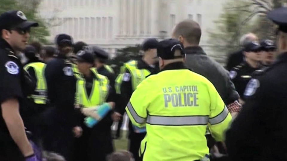 In Washington, D.C., police have arrested about 85 more protesters taking part in the "Democracy Sping" actions against corporate lobbying and big money in politics. This comes after more than 400 people were arrested after a sit-in at the Capitol on Monday. The corporate networks widely ignored Monday’s arrests. According to a tally by The Intercept, CNN did not devote any coverage to the protests, MSNBCmentioned them for 12 seconds, and Fox News discussed them for 17 seconds. CNNlater posted a short item online. Click here to see our interview with Democracy Spring organizer Kai Newkirk.
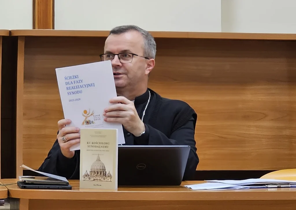 Trzeci temat dotyczył realizacji założeń synodalnych w diecezji kaliskiej. Ks. Witold Kałmucki, dyrektor Wydziału Duszpasterskiego Kurii Diecezjalnej wskazywał, że konkretną propozycją wejścia na drogę odnowy i szukania dobrych rozwiązań jest zaproszenie Parafialnych Rad Duszpasterskich, a także innych osób zainteresowanych do zatrzymania się nad wybranymi fragmentami dokumentu końcowego Synodu. Duchowny zaproponował zorganizowanie czterech takich spotkań, podczas których poruszone zostaną m.in. tematy „Nowe spojrzenie na Kościół”, „Znaczenie i wyrazy synodalności”, „Troska o relacje”.
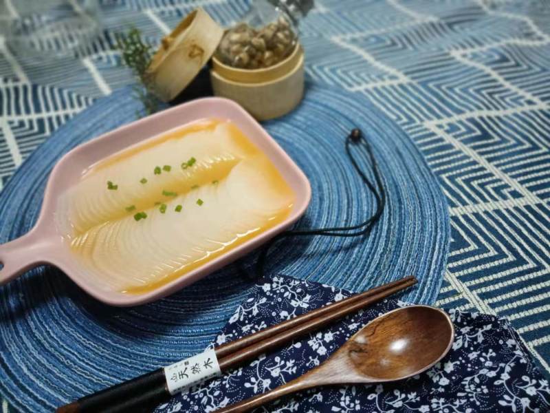 4:捞出后装盘,盘内倒入鸡汤,隔水蒸40-50分钟
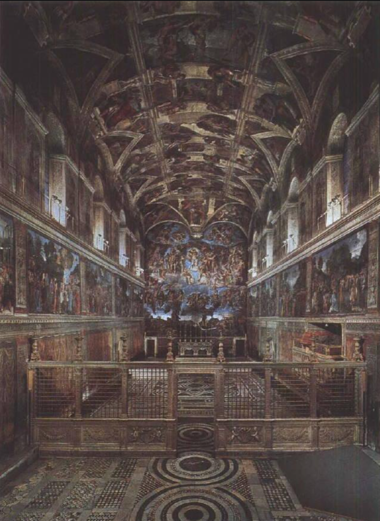 图片来自贡布里希《艺术的故事》,梵蒂冈的西斯廷礼拜堂,壁画清洗之前的内部概览
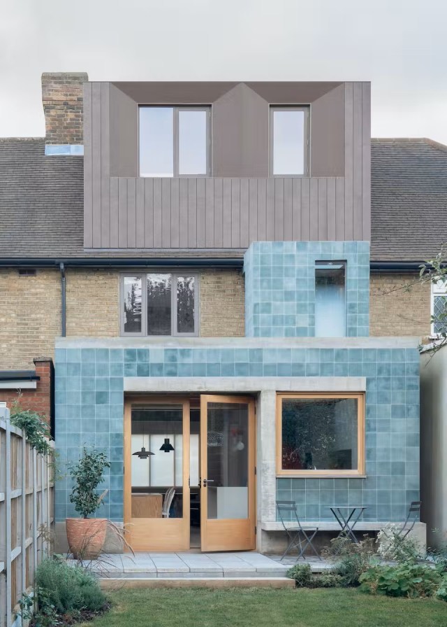 Vista desde el patio trasero, puede contemplarse cómo los mosaicos azules han ido perdiendo color con la exposición al sol, haciendo que cambie la estética de la casa, e incluso que se transforme con las distintas estaciones. El color y la textura de los azulejos, contrasta con los ladrillos del resto de la fachada típicamente londinenses.
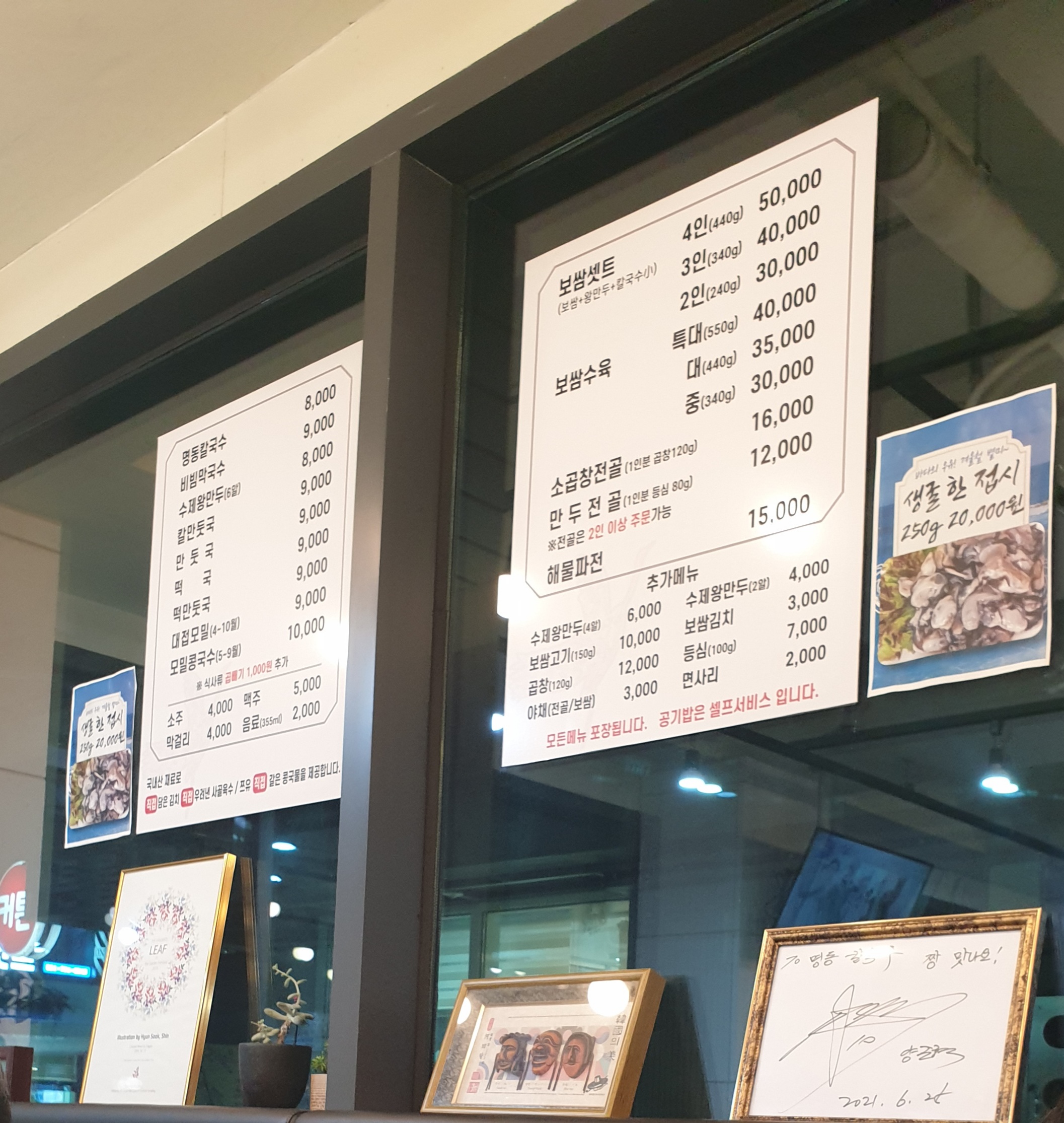 식당 자체도 동네 흔히 있는 칼국수 식당 규모이지만, 맛에 있어서는 체인점이 아닌데도 서울에 있는 명동칼국수 맛을 제대로 느낄 수 있다. 비단 칼국수뿐만 아니라 보쌈수육과 소곱창전골도 잡내 없이 깔끔한 맛으로 식욕을 돋운다.
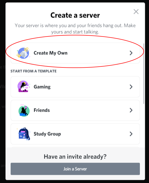 If you do not already have the admin role in a server, below are the instructions to create a discord server.
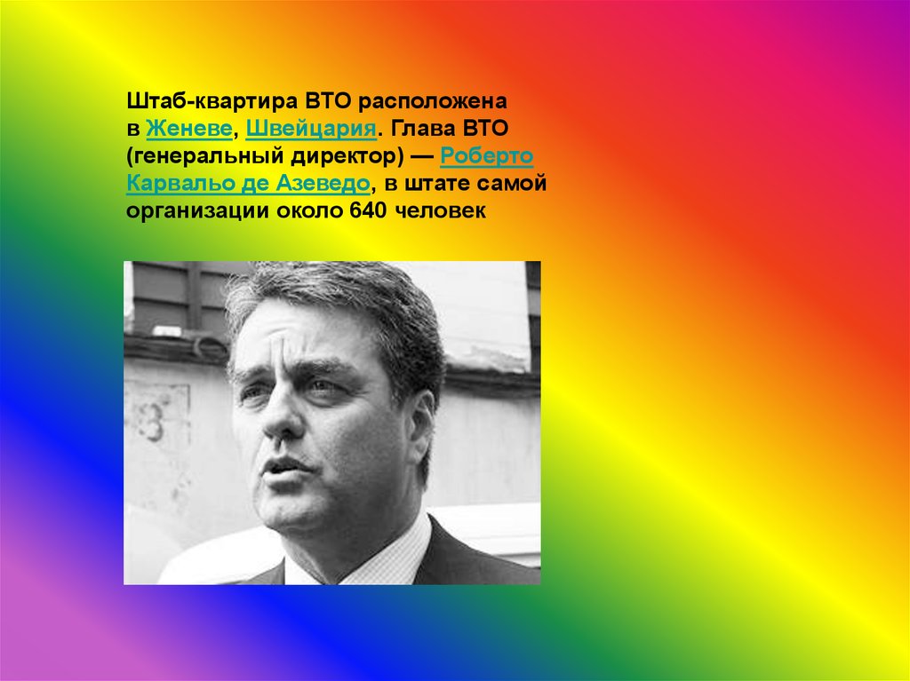 Штаб-квартира ВТО расположенав Женеве, Швейцария. Глава ВТО

□ □ □ □ □ □ □

Exercise instructions
Above are the records; copy them exactly without the pictures.

Expected output
 In Washington, D.C., police have arrested about 85 more protesters taking part in the "Democracy Sping" actions against corporate lobbying and big money in politics. This comes after more than 400 people were arrested after a sit-in at the Capitol on Monday. The corporate networks widely ignored Monday’s arrests. According to a tally by The Intercept, CNN did not devote any coverage to the protests, MSNBCmentioned them for 12 seconds, and Fox News discussed them for 17 seconds. CNNlater posted a short item online. Click here to see our interview with Democracy Spring organizer Kai Newkirk.
 Trzeci temat dotyczył realizacji założeń synodalnych w diecezji kaliskiej. Ks. Witold Kałmucki, dyrektor Wydziału Duszpasterskiego Kurii Diecezjalnej wskazywał, że konkretną propozycją wejścia na drogę odnowy i szukania dobrych rozwiązań jest zaproszenie Parafialnych Rad Duszpasterskich, a także innych osób zainteresowanych do zatrzymania się nad wybranymi fragmentami dokumentu końcowego Synodu. Duchowny zaproponował zorganizowanie czterech takich spotkań, podczas których poruszone zostaną m.in. tematy „Nowe spojrzenie na Kościół”, „Znaczenie i wyrazy synodalności”, „Troska o relacje”.
 4:捞出后装盘,盘内倒入鸡汤,隔水蒸40-50分钟
 图片来自贡布里希《艺术的故事》,梵蒂冈的西斯廷礼拜堂,壁画清洗之前的内部概览
 Vista desde el patio trasero, puede contemplarse cómo los mosaicos azules han ido perdiendo color con la exposición al sol, haciendo que cambie la estética de la casa, e incluso que se transforme con las distintas estaciones. El color y la textura de los azulejos, contrasta con los ladrillos del resto de la fachada típicamente londinenses.
 식당 자체도 동네 흔히 있는 칼국수 식당 규모이지만, 맛에 있어서는 체인점이 아닌데도 서울에 있는 명동칼국수 맛을 제대로 느낄 수 있다. 비단 칼국수뿐만 아니라 보쌈수육과 소곱창전골도 잡내 없이 깔끔한 맛으로 식욕을 돋운다.
 If you do not already have the admin role in a server, below are the instructions to create a discord server.
 Штаб-квартира ВТО расположенав Женеве, Швейцария. Глава ВТО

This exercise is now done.